On campus right now there is a movement advocating for better public safety in the Tulane area. There has been a rising rate of muggings, rapes, and sexual assaults and students are taking action. However, there has been backlash against the idea of allocating more resources to make this area of New Orleans safer. Do you have any thoughts on the issue: Allocate the resources. Societies place resources alongside things it values. Long standing and/or institutionalized disparities emerge from intentional negligence and produce disorders of spirit and act.

We should not tolerate this kind of indifference. It is bad public policy. Public policies that produce engaged, more productive, and ethically responsible citizens, are committed to providing resources that ameliorate institutionalized neglect. It’s a short-term trade off for a long-term benefit. We must be willing to make this investment, and to make apparent our determinations that all of a city’s citizens are a valued part of the body politic. We become what we do.
If you could give one piece of advice to young, aspiring women, what would it be: Be consistently mindful. Have the courage of your convictions and when you take the course that is difficult and challenging do so with a mix of humility and confidence. Understand that ease is non productive. Do not live by comparison, but by example. 
One thing that would make America stronger: Appreciating the responsibilities of a global citizenship. Respecting the foundational principles of our nation and using these to shape a country that matches its extraordinary potential.
One thing that would make women stronger: Teaching our girls to be independent, thoughtful, and authoritative. Respecting our bodies and our selves. 
Any other thoughts: I’ve had lots of opportunity, through some years of personal crises and professional challenges and accomplishments to want to be helpful to young women and girls.
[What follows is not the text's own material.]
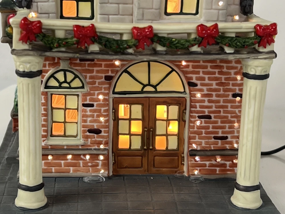 This is a medium-sized O’Well Novelty porcelain Christmas village piece from 2005. It features an illuminated, color-changing 3D effect of a whimsical fiber optic police station. The hand-painted, American-style house is suitable for seasonal display in any room. It comes in a box with a 12-volt adapter, part of the Deluxe Fibre Optic House collection. Perfect for collectors of holiday decor. Absolutely perfect pristine condition! Color changing lights , incredible detail , comes with power cord , all original packaging and original box ! Just a beautiful piece to display.

I’ve had to learn by doing, and what seems to have mattered most–especially when I have needed the most courage–is to find a humane and respectful center for my actions.  Mindfulness is the word I keep coming back to. It’s become a necessary touchstone.

Catherine Combs is a Tulane University Alumna, who majored in Communications and Political Science. She  has always had a soft spot for books, writing, and anything Chanel. When not searching for the final touches to her latest outfit idea, she can be found reading.